Collection entries:
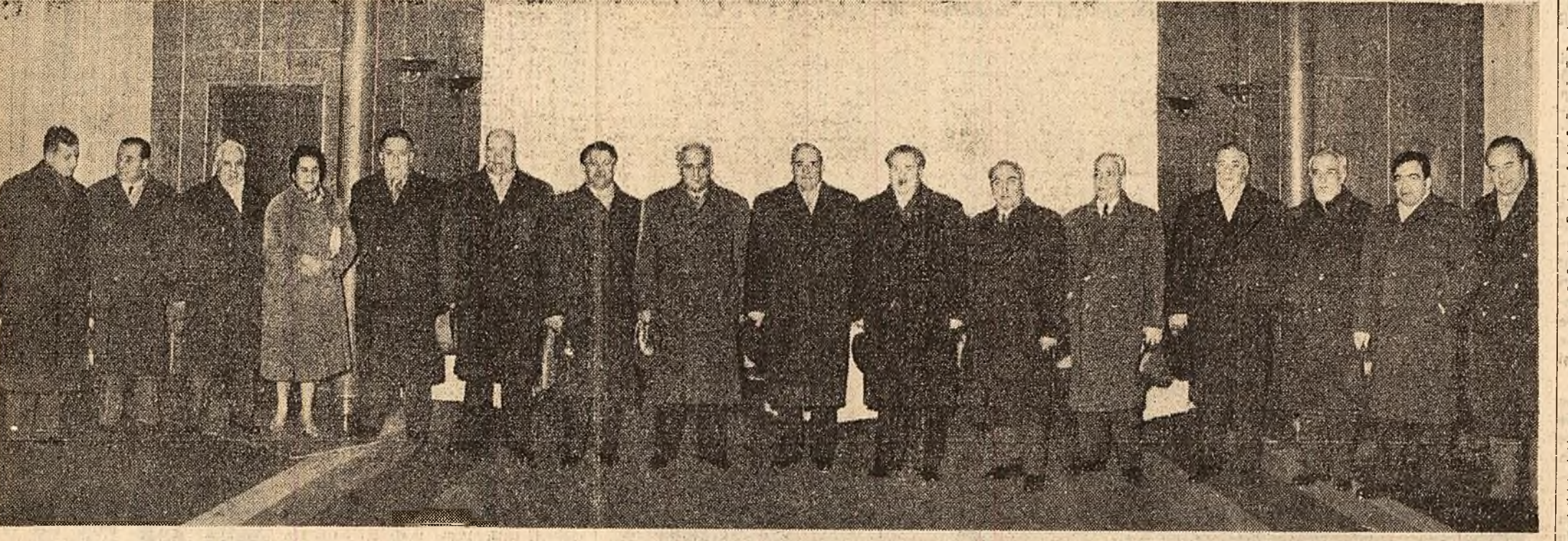
Pe peronul gării Băneasa, în seara zilei de 20 ianuarie, la plecarea oaspeților bulgari spre patrie. Tovarășii Teodor Jivkov, Anton Iugov și Dimităr Ganev, împreună cu tovarășii Gheorghe Gheorghiu-Dej, Chivu Stoica, Ios Gheorghe Maurer și alți conducători de partid și de stat.

COMITETUL CENTRAL AL PARTIDULUI MUNCITORESC ROMÂN
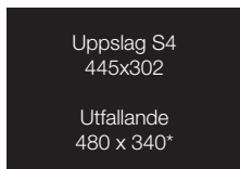
UPPSLAG S4 445x302 mm, 53.500:-
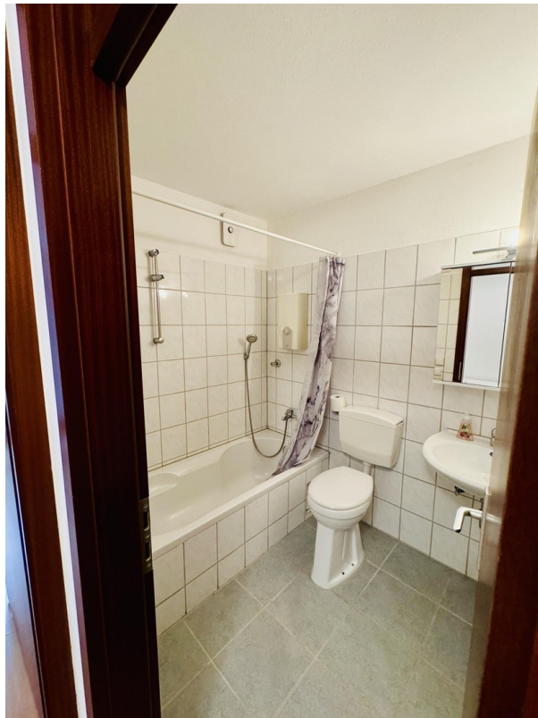
Bad mit Duschwanne
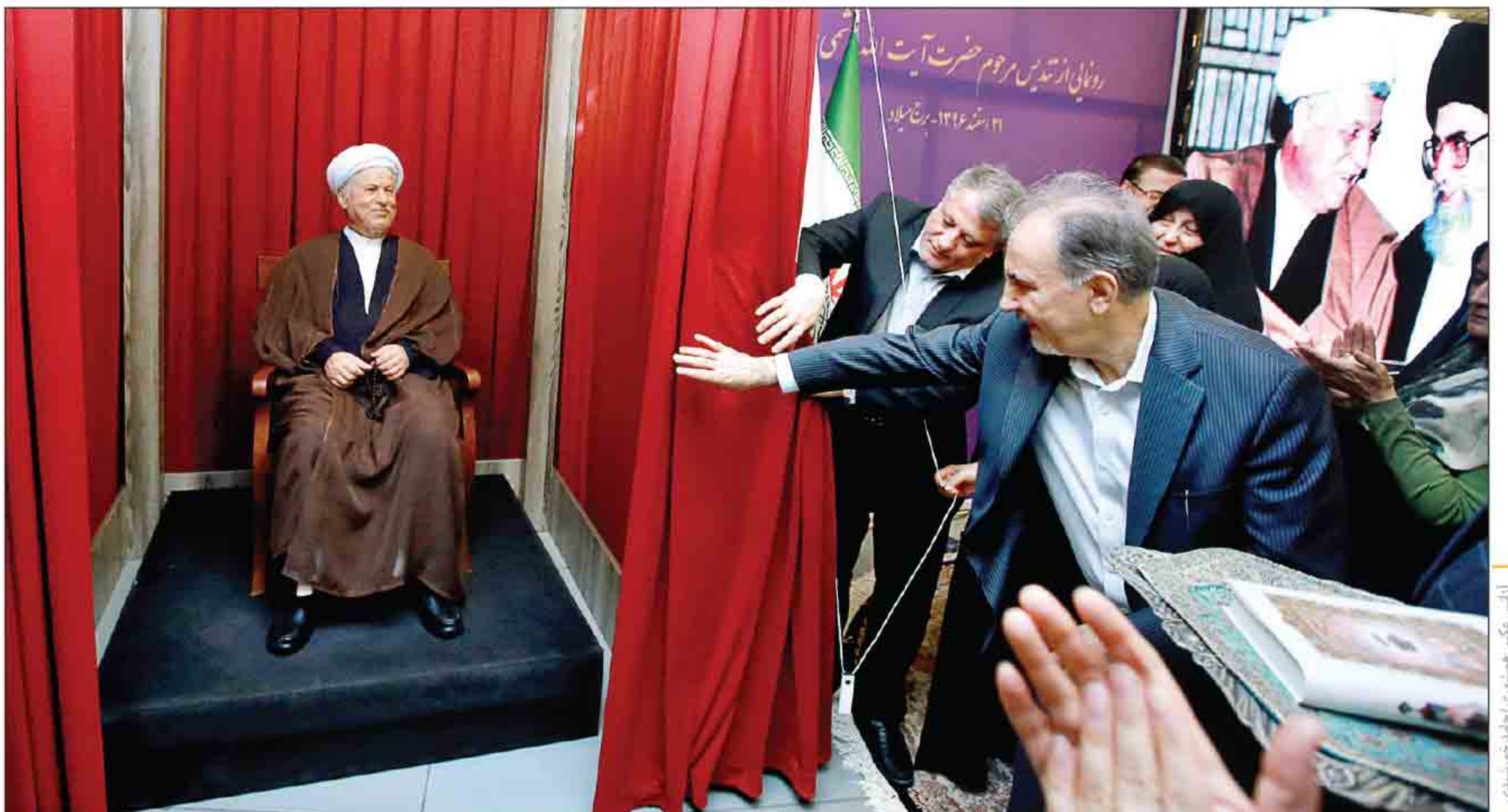
با حضور همسر مرحوم هاشمی، شهردار و اعضای شورای شهر تهران صورت گرفت

معاون وزیر آموزش و پرورش از جزئیات حذف مدارس تیزهوشان به همشهری می‌گوید
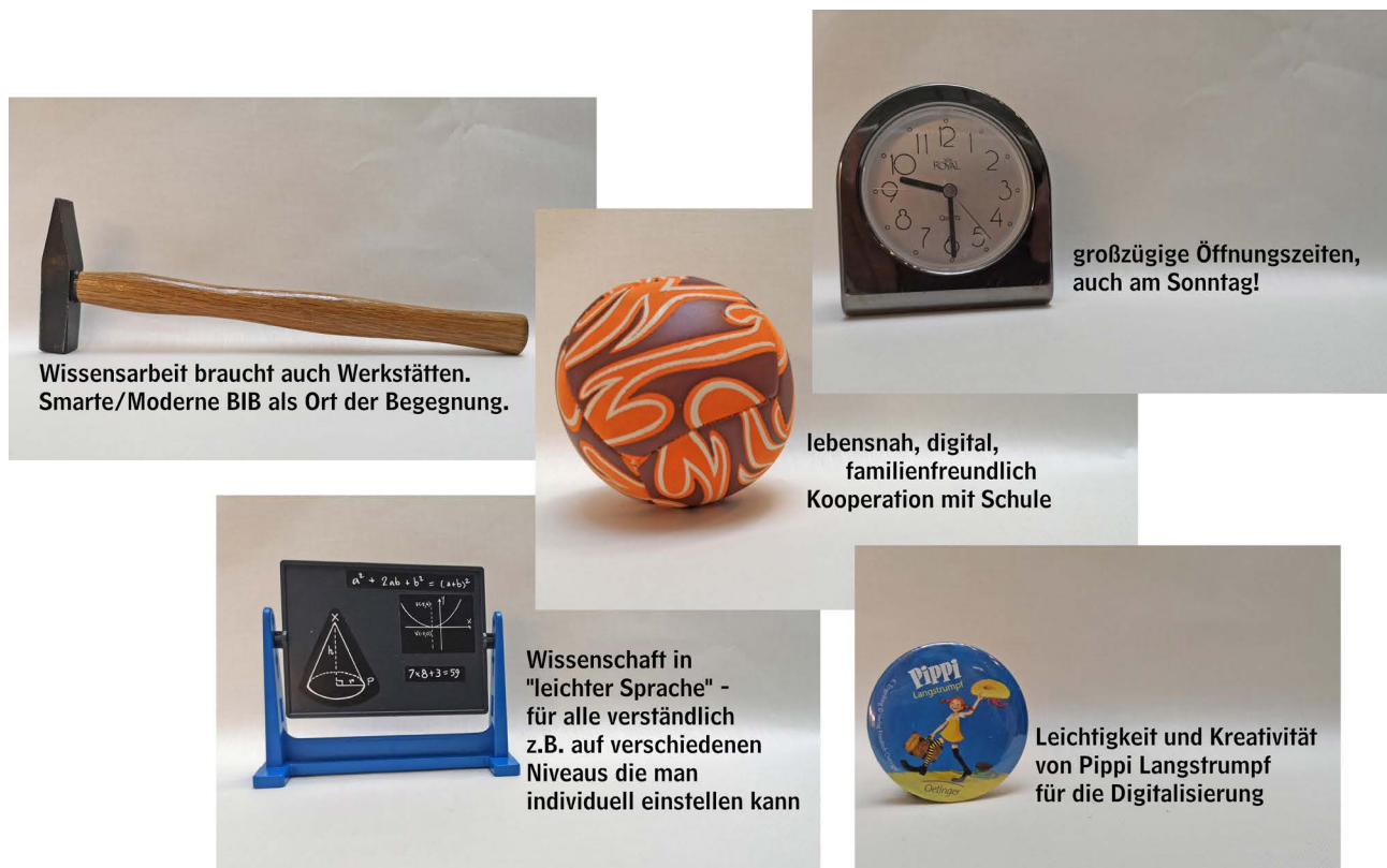
Abb. 3: Erste Ergebnisse von Kund*innenwünschen, Quelle: Stadtbibliothek Hannover
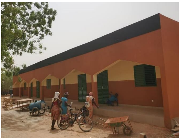
Les deux salles de classes

Avec le financement de la fondation MRC-Hollande à travers la Fondation WOL, il a été réalisé deux (02) salles de classe pour abriter les ateliers de la coupe couture au complexe Zoodo. Le bâtiment a été réalisé dans les normes avec un suivi technique qui garantissant la qualité de l'ouvrage. Ce sont des salles plafonnées au PVC et carrelées pour éviter les termites. Toutes les salles ont été équipées de tables bancs, de meubles de rangement et bureaux pour les moniteurs. Ces deux nouvelles salles accueillent respectivement des effectifs de 74 et 76 apprenants pour cette rentrée scolaire 2021-2022.
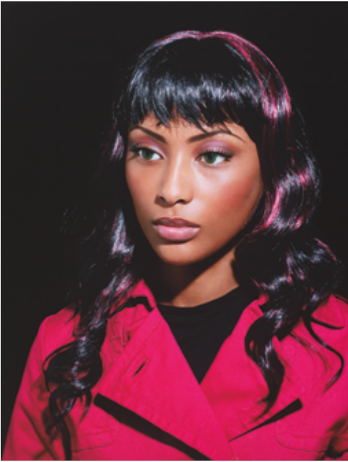
Valérie Belin, Sans titre , 2006 Collection Centre Pompidou. Musée national d'art moderne – Centre de création industrielle – © ADAGP, Paris, 2025
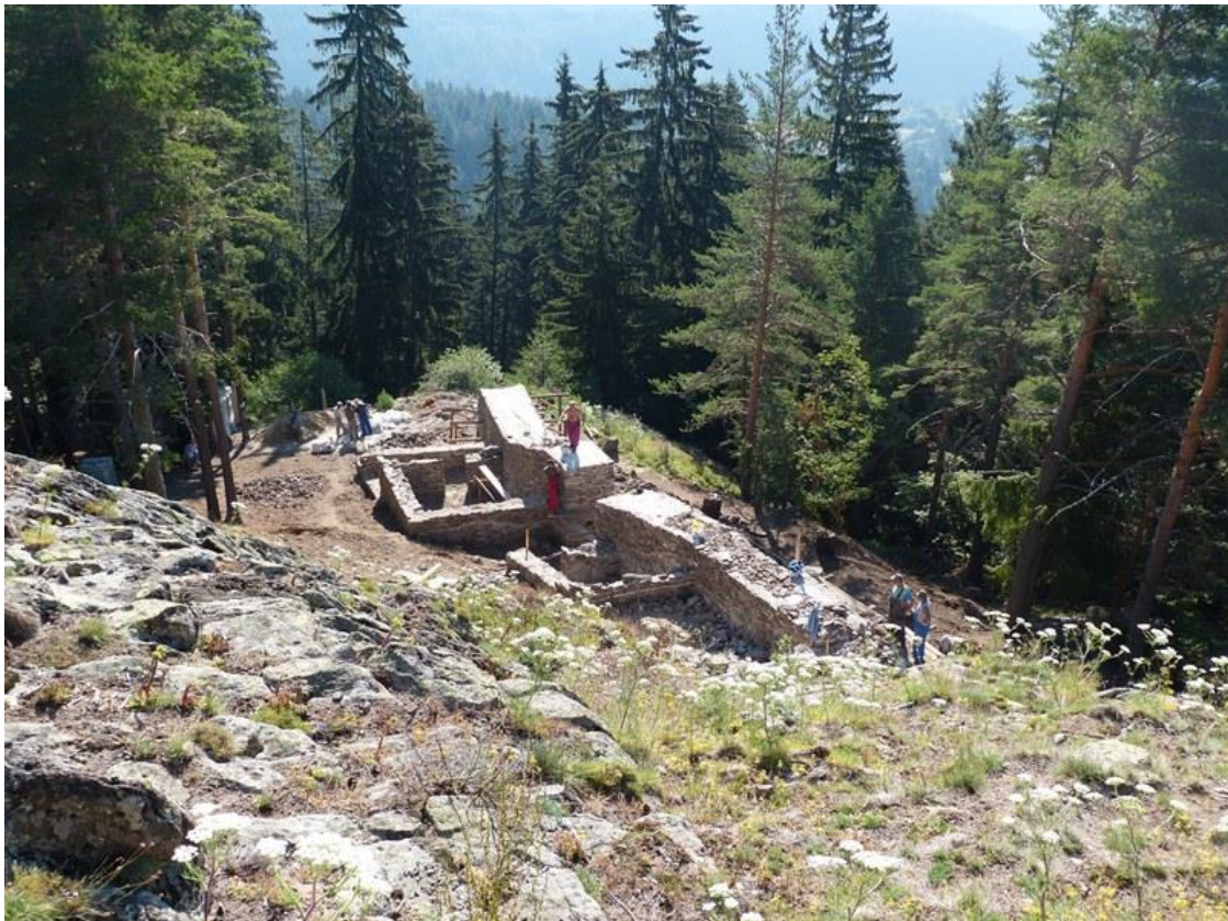
Обр. 2. Южната стена на крепостта в м. Турлука по време на консервационно-реставрационните дейности по проекта

През 2011 г. Община Смолян в партньорство с Община Самотраки – Република Гърция и Регионален исторически музей „Стою Шишков“ – Смолян, печели проект „Тракийско и византийско културно наследство в Родопите и Северното крайбрежие на Егейско море“ с акроним „THRABYZHE“ по програма за Европейско териториално сътрудничество Гърция – България – 2007-2013 г. В дейностите по проекта бе включено археологическо проучване на крепостта при с. Кошница и консервация и реставрация на разкритите структури на крепостите край Кошница и в м. Турлука над гр. Смолян и тяхната социализация.
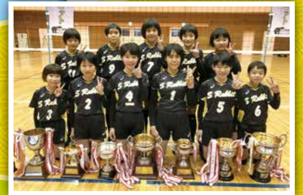
シルバーラビッツスポーツ少年団 全日本バレーボール大会 茨城県大会 女子の部 優勝
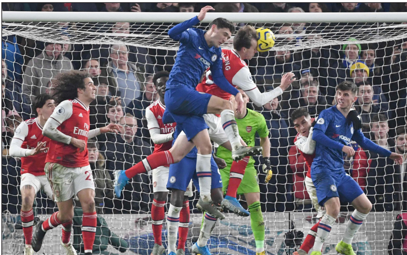
مدافع أرسنال هولنديغ يصل إلى الكرة أولاً في صراع هووائي مع لاعب تشلسي كريستينسن

لندن - رويترز: تعادل تشلسي 2-2 مع عشرة لاعبين من أرسنال، الذي سجل الهدفين رغم طرد ديفيد لوز في الشوط الأول، في دربي تشلسي في المرحلة الرابعة والعشرين من الدوري الإنجليزي، والتي شهدت فوز مانشستر سيتي على مضيغه شيفيلد يونائيتد 0/1، وبورنموث على ضيفه برايتون 1/3، وساوثهامبتون على مضيغه كريستال بالاس 2/صفر واستون فيلا على ضيفه وانفورد 1/1، وتعادل إيفرتون مع نيوكاسل 2/2. وبدا تشلسي المباراة بقوة وتقدم بهدف من ركلة جزاء نفذها جورج جينيو بعدما استغل تامي أبراهام تمريرة خاطئة من شكودران موسستافي قبل أن يتعرض لخطأ من البرازيلي لوزي مدافع تشلسي السابق، وتلقى لوزي بطاقة حمراء مباشرة من الحكم ستيفن أوتويل قبل أن ينفذ جورج جينيو الركلة بنجاح. وكان الطرد الوحيد الآخر للمدافع البرازيلي في الدوري عندما كان يلعب مع تشلسي ضد أرسنال في «ستامفورد بريدج» عام 2017.
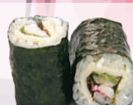
Maki avocat crevette 5,00 €
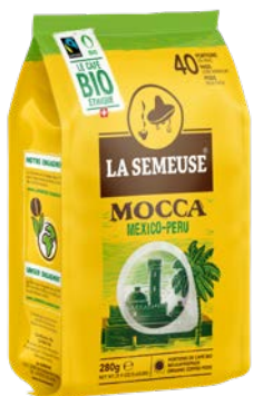
100 183 40 MOCCA BIO Portions|Pads (40x)
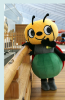
植物防疫所 「びーきゅん」

※天候等による航空機の遅れやイレギュラー時の対応等の理由により、一部変更または中止となる場合がございますので、ご了承のうえ、下記二次元コードよりお申込みください。
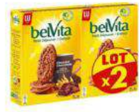
BELVITA CHOCOLAT 2X400G
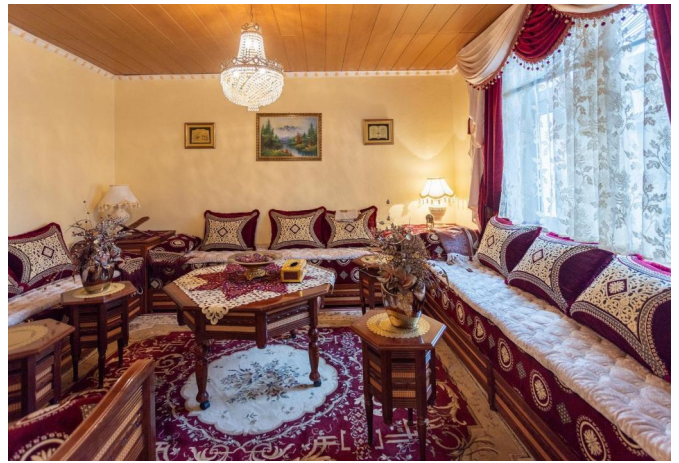
EG: Wohnen 2
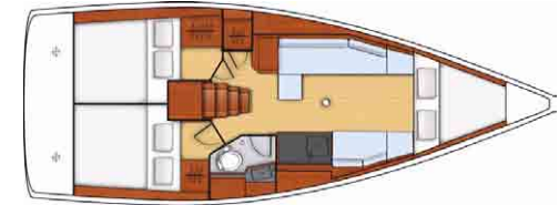
Cruiser - 2 camarotes
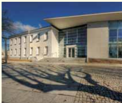
Centrum Kultury i Sztuki w Sierpcu
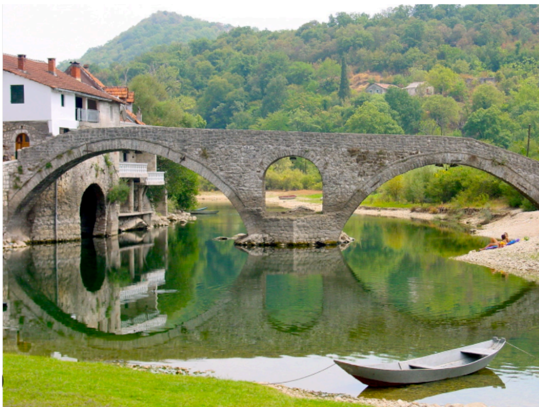
Fotografija: Danilov most

Za tiste, ki želijo še malo zgodovine in sprehoda, se lahko omeni tudi Obod / Riječki grad, ki leži nad naseljem na drugi strani reke. Gre za zgodovinsko pomemben prostor, povezan s Crnojevići in staro tiskarsko tradicijo, vendar ga ne bi smeli postaviti kot obvezni del programa za celotno skupino.
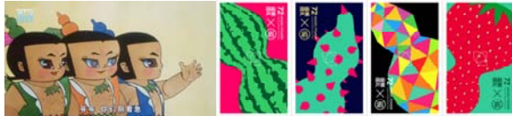
▶▶ 그림 2. 후루 형제 캐스트 및 후루 에너지 포스터

그 중 후루(葫芦 호리병박)는 “푸루(福祿, 복되고 영화로운 삶)와 발음이 비슷하여 광범위하게 응용되는 시각적 요소가 되었다. 애니메이션 캐스트 ‘후루(葫芦) 형제’는 이를 응용한 대표적인 작품 중 하나이다. 7명의 호리병박에서 출생한 남자아이들은 모두 신통력을 가지고 있는데 빨강, 주황, 노랑, 초록, 파랑, 남색, 보라색의 7가지 색깔로 구분된다. 머리에는 호리병 장식을 쓰고 신화 모험의 여정을 펼친다. 애니메이션 ‘후루(葫芦) 형제’는 80년대 방영하기 시작하여 한 세대에 영향을 미친 대표적인 애니메이션 작품이다.
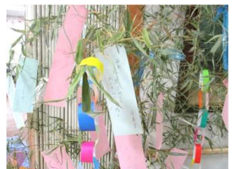
沢山願い事をしました♡
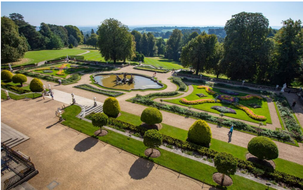
Figur 3. Vy från herrgården över terrasserna och parterrererna på Waddesdon garden (Rothchild foundation, 2026).

De formella terrasserna och parterrererna i Figur 3 speglar den franska stilen på herrgården, enligt Rothchild foundation (2026). Tusentals blommor planteras två gånger per år för att skapa färggranna mönster. Franska och italienska skulpturer och fontäner är andra exempel på det viktorianska idealet. Klippor och en vattenträdgård med sjöar, vattenfall, vattenkonst samt vindlande stigar fanns också att beskåda (Rothchild foundation, 2026).
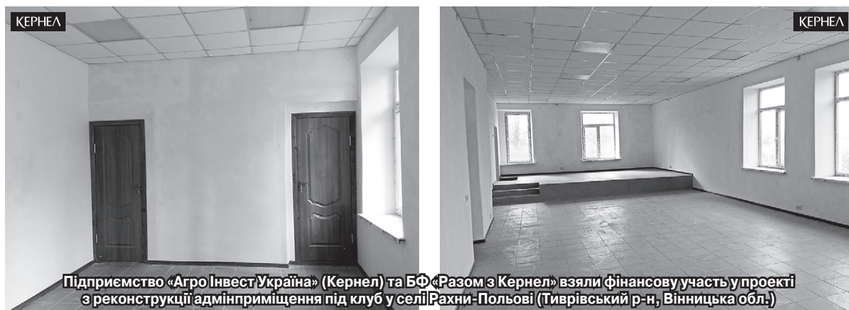
Підприємство «Агро Інвест Україна» (Кернел) та БФ «Разом з Кернел» взяли фінансову участь у проєкті з реконструкції адмінприміщення під клуб у селі Рахни-Польові (Тиврівський р-н, Вінницька обл.)
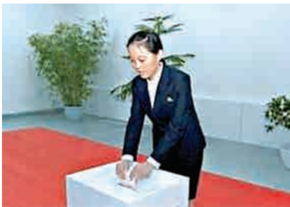
▲金正恩的妹妹金與正

【大公報訊】據韓國《朝鮮日報》30日消息：朝鮮領導人金正恩消失40多天時間裡，傳言妹代兄職的27歲妹妹金與正，最近被傳稱其已經結婚，丈夫是護衛司令部所屬護衛軍官。
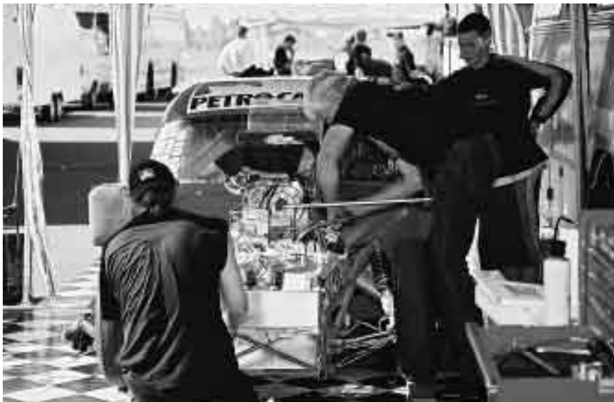
Kent Trenneman mekar med "The Old FiftyOne"...
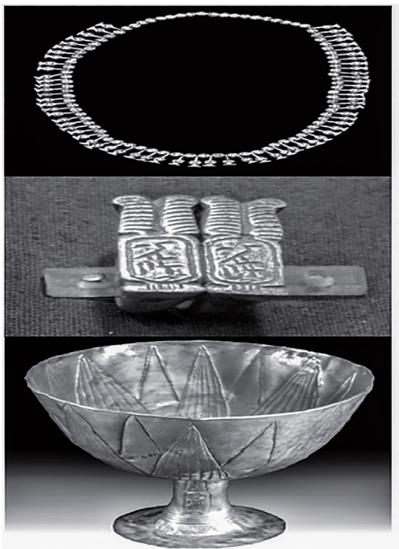
Figure (14), un ensemble de bijoux royaux de la reine Tao Sert

__REQUIREMENT__
The answer must consist only of the lines from the beginning of the entries above through the line that holds "Обр. 2. Южната", reproduced exactly and without pictures.

__WRITTEN RESPONSE__
Pe peronul gării Băneasa, în seara zilei de 20 ianuarie, la plecarea oaspeților bulgari spre patrie. Tovarășii Teodor Jivkov, Anton Iugov și Dimităr Ganev, împreună cu tovarășii Gheorghe Gheorghiu-Dej, Chivu Stoica, Ios Gheorghe Maurer și alți conducători de partid și de stat.

COMITETUL CENTRAL AL PARTIDULUI MUNCITORESC ROMÂN
UPPSLAG S4 445x302 mm, 53.500:-
Bad mit Duschwanne
با حضور همسر مرحوم هاشمی، شهردار و اعضای شورای شهر تهران صورت گرفت

معاون وزیر آموزش و پرورش از جزئیات حذف مدارس تیزهوشان به همشهری می‌گوید
Abb. 3: Erste Ergebnisse von Kund*innenwünschen, Quelle: Stadtbibliothek Hannover
Les deux salles de classes

Avec le financement de la fondation MRC-Hollande à travers la Fondation WOL, il a été réalisé deux (02) salles de classe pour abriter les ateliers de la coupe couture au complexe Zoodo. Le bâtiment a été réalisé dans les normes avec un suivi technique qui garantissant la qualité de l'ouvrage. Ce sont des salles plafonnées au PVC et carrelées pour éviter les termites. Toutes les salles ont été équipées de tables bancs, de meubles de rangement et bureaux pour les moniteurs. Ces deux nouvelles salles accueillent respectivement des effectifs de 74 et 76 apprenants pour cette rentrée scolaire 2021-2022.
Valérie Belin, Sans titre , 2006 Collection Centre Pompidou. Musée national d'art moderne – Centre de création industrielle – © ADAGP, Paris, 2025
Обр. 2. Южната стена на крепостта в м. Турлука по време на консервационно-реставрационните дейности по проекта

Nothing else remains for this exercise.